Он заботился о сыне, насколько хватало у него сил. Карла природа наградила всем, чем только могла, – и умом, и молодцеватым видом, и красивым лицом. Об одном только жалел его отец, а именно, что не может оставить ему крупное состояние, и старался заменить этот пробел, приготовив ему одну из самых богатых невест в России. Само безвыездное житье Проскурова в деревне было на руку барону. Роскошь двора Елизаветы и наличной аристократии в Петербурге на глазах Эйзенбаха съедали целые состояния, имущество же Проскурова лишь увеличивалось от его затворничества в деревне. Одиночество же этой затворнической жизни лишало барона конкурентов в задуманном им деле, потому что он знал наверное, что на письме никто так не сумеет подойти, как он, к взбалмошному и своенравному князю.
У Андрея Николаевича была одна склонность; она проявилась сравнительно недавно, но тем не менее с необычайною силой, как всякая прихоть: он полюбил цветы, в особенности розы. Расширяя коллекцию их, князь поручил барону выписать и выслать ему целую партию кустов. Эйзенбах исполнил это, как всегда, крайне тщательно. Князь остался ими очень доволен и целый угол своего сада отделил специально под розы. Они разрослись и, покрытые цветами, представляли действительно прекрасный вид, производивший совсем необычайное впечатление.
Весною того года, когда исполнилось Ольге восемнадцать лет, князю понадобились еще какие-то совсем особенные сорта. Он написал об этом барону. Тот ответил, что достанет розаны из императорских оранжерей, что по нежности их они требуют очень тщательной упаковки, а главное – перевозки, и доставить их затруднительно, но, по счастью, его сын Карл намеревается поехать в Москву и по дороге может, если угодно, завезти посылку собственноручно к князю.
Андрей Николаевич был поставлен до некоторой степени в тупик этим письмом приятеля. В этом письме, разумеется, не было и тени намека относительно каких-либо видов барона по отношению к княжне, однако старый князь сразу отнесся недоверчиво к появлению у себя молодого человека. Но отказать было трудно. Проскуров понимал, что нет причин обидеть старого и всегда обязательного приятеля. К тому же неизвестно еще, каков собою этот молодой Карл фон Эйзенбах; может быть, он и некрасив, да и влюблен уже в другую, да вовсе и не думает о княжне Проскуровой, так отчего же ему не приехать? И Проскуров выразил согласие видеть у себя молодого Карла, который привезет ему новые сорта роз.
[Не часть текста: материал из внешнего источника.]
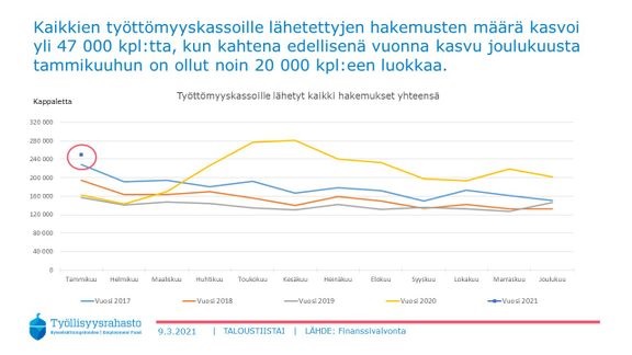 – Kolmena edellisenä vuonna ensihakemusten määrä on myös noussut tammikuussa joulukuun luvuista, mutta tänä vuonna nousu vaikuttaisi olleen poikkeuksellisen suurta, kertoo Työllisyysrahaston rahoitusanalyytikko Antti Klemola.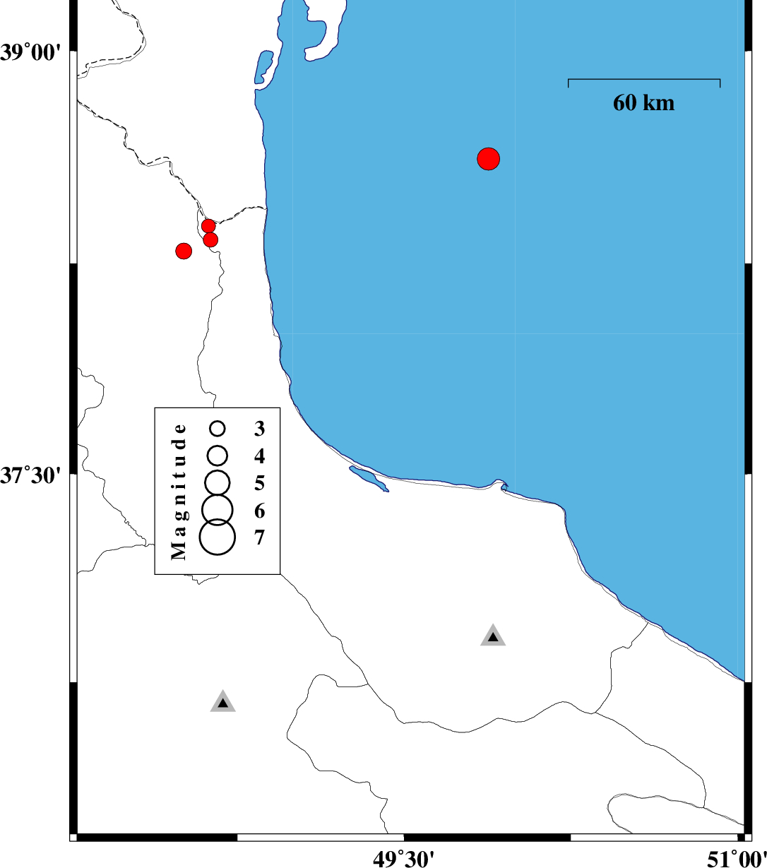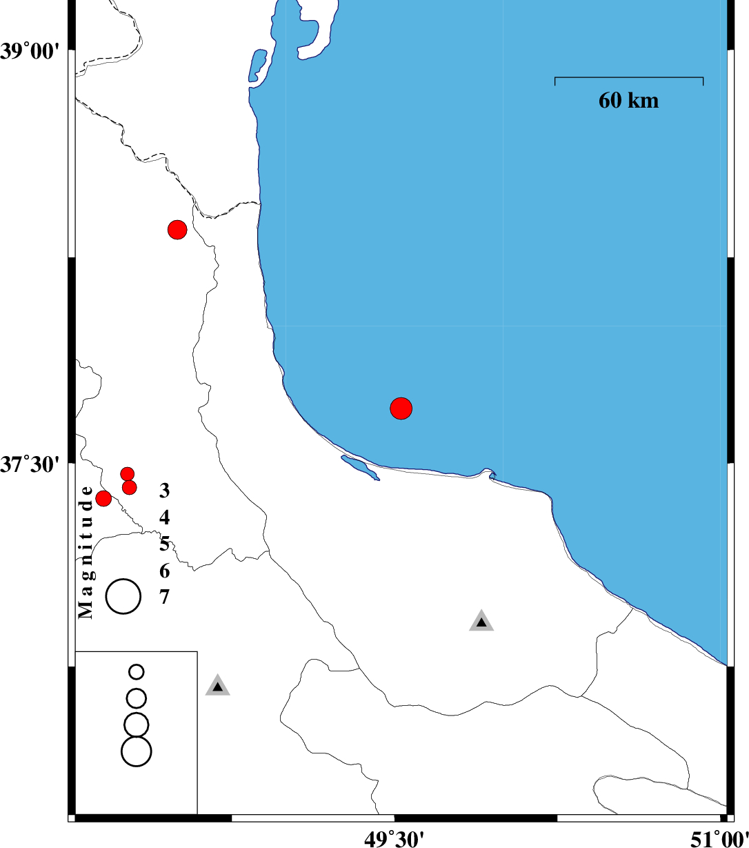 | 2012/02/04 | 20:04:14.0 | 23:34:14.0 | 37.7 | 49.53 | 40 | ML:4.5 | Caspian Sea, 26 km North of Bandar-e anzali | ||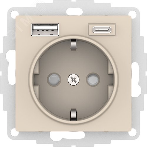 Розетка силовая Systeme Electric (ранее Schneider Electric) серии AtlasDesign 16А (цвет бежевый) с заземлением и шторками с розеткой USB, с двумя разъемами тип А и тип С. Розетка совмещает в себе сразу 3 функции в одном изделии. Удобное и современное решение для дома, офиса и других помещений. Лицевые детали из качественного ABS-пластика, устойчивого к царапинам и УФ-излучению. Заземляющий контакт обеспечивает дополнительную защиту от удара электрическим током. Шторки обеспечивают дополнительную безопасность в доме, где находятся дети. Одно устройство позволяет как подключить бытовые приборы, так и зарядить мобильные устройства.

Тем не менее, сообщив старику-барону о своем согласии, Андрей Николаевич впал на несколько дней в дурное расположение духа. Он молчал за обедом, подолгу ходил по саду один и наконец объявил раз за столом, что вскоре-де к ним приедет из Петербурга «петиметр» (почему Проскуров уже заранее, даже не видав Карла Эйзенбаха, пожаловал его в петиметры, этого и сам он, пожалуй, не знал вполне основательно).
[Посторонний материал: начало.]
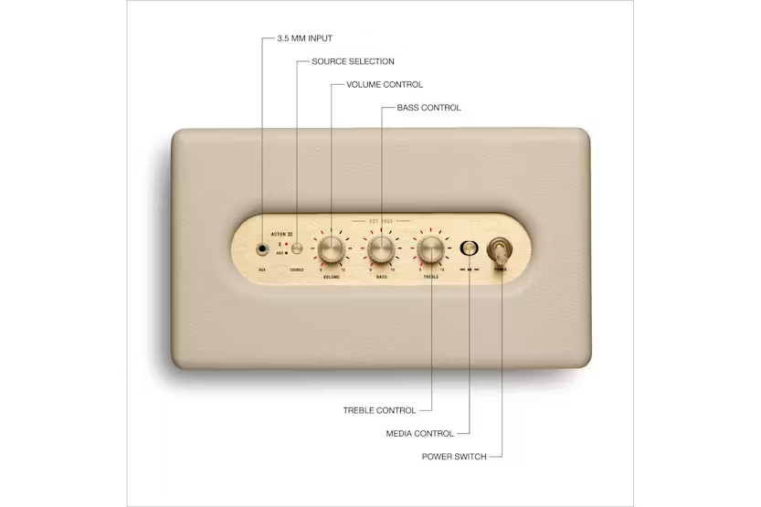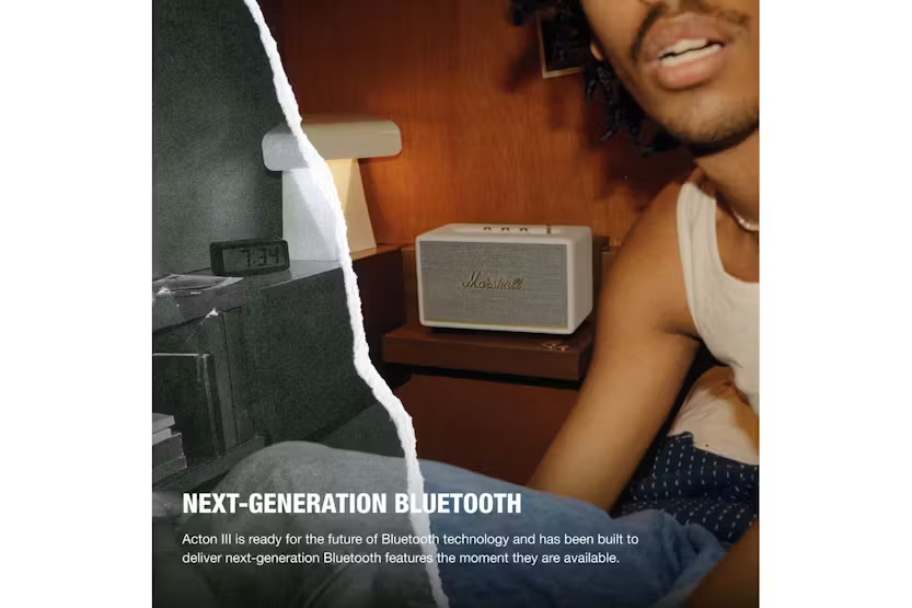 Experience music like never before with the MARSHALL 1006007 - ACTON BT III Cream Bluetooth speaker. Its re-engineered stereo soundstage and next-gen Bluetooth technology deliver a wide-reaching, immersive sound experience perfect for any music enthusiast. With easy setup, sustainable construction, and innovative design features, this iconic speaker is sure to impress both your ears and your environmental consciousness. Elevate your music listening experience with the MARSHALL 1006007 - ACTON BT III Cream Bluetooth speaker today.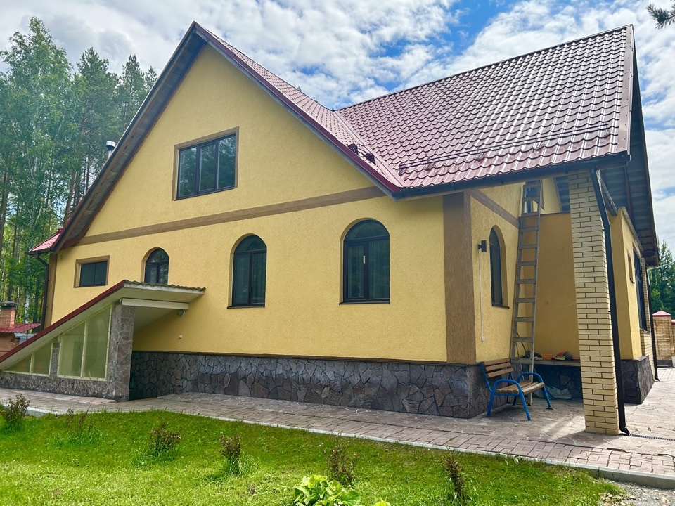 Фасад дома: штукатурка-короед + покраска.

Не знал также Андрей Николаевич, что главною целью поездки барона Карла была не Москва, а именно Проскурово. Туда он должен был заехать якобы по дороге, но на самом деле старый барон Эйзенбах, денежные дела которого были далеко не в блестящем состоянии, с большим трудом собирал сына в эту поездку. Проскуров не знал, каких трудов стоило его приятелю найти средства на этот случай для сына. Однако, несмотря на затруднения, все было сделано не только с уменьем соблюсти известные внешние приличия, но даже с расчетом на некоторое впечатление. Карл ехал в собственном, весьма удобном и изящном экипаже, с ним были запас щегольского платья, два лакея. Кроме розанов он вез в подарок князю бювар, за который, скрепя сердце, старик Эйзенбах заплатил хорошие деньги.
Все это было ставкою опытного игрока, рассчитавшего на почти верный выигрыш и не жалеющего увеличить свой ударный, рассчитанный куш. Эйзенбах сильно рассчитывал на свадьбу сына с княжною Проскуровой. Эта свадьба могла не только поправить его дела, но и позолотить побледневший герб барона, и позолотить с честью.
Таким образом молодой барон Карл явился в Проскурово блестящим гостем.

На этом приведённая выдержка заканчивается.